Nevertheless this remains a beautifully crafted novel. Flaubert’s acuity, his striking prose, his vibrant characters, make for an unforgettable read. One should not approach this novel hoping for something in the realms of Anna Karenina. Although one could describe Emma as the ‘heroine’ of this novel, she possesses mostly qualities that will make readers hate her. There were many instances in which I disliked her (just read of the way she treats her servants or her daughter or even Charles). But Flaubert is a deft writer, and Emma cannot be simply be labelled as 'unlikable'. In many ways she reminds of the alienated women who star in recent fiction such as the narrator in My Year of Rest and Relaxation. Emma is like them bored, self-destructive, prone to bouts of depression, and finds pleasure only in daydreams.
The first time I picked up this novel I struggled to make it past the first chapter. I then ended up listening to the audiobook (narrated by Juliet Stevenson who gives an impeccable performance) and, just like that, I was transfixed.

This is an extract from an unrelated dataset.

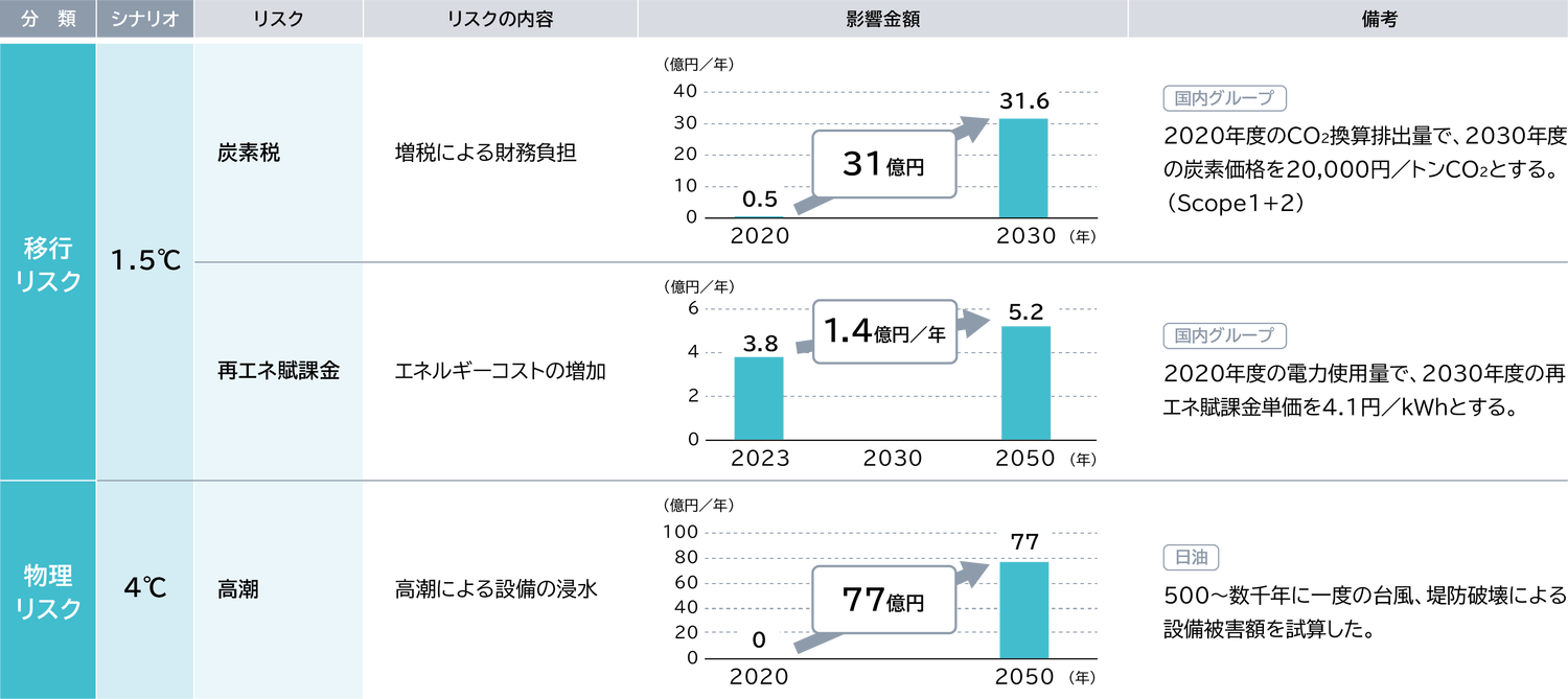 本開示におけるリスク・機会の評価では、日油グループのリスクマネジメントやTCFD開示との整合の観点からシングルマテリアリティアプローチを採用しました。 - 開示の範囲

This second time around I read it myself (I own a very stylish penguin classics edition) and I was once again enthralled by Flaubert narrative. I was particularly intrigued by the seamless way in which he shifts perspectives. This time I was also able to truly savour Flaubert's prose as I already knew how the storyline would unfold. Next time I may try reading the Italian translation and maybe who knows, one day I will be able to read the original French (okay, that's quite unlikely but you never know...). Anyway, I could probably go on and on about this novel. I would not recommend it to those who have a low tolerance for irony and kind of detestable characters.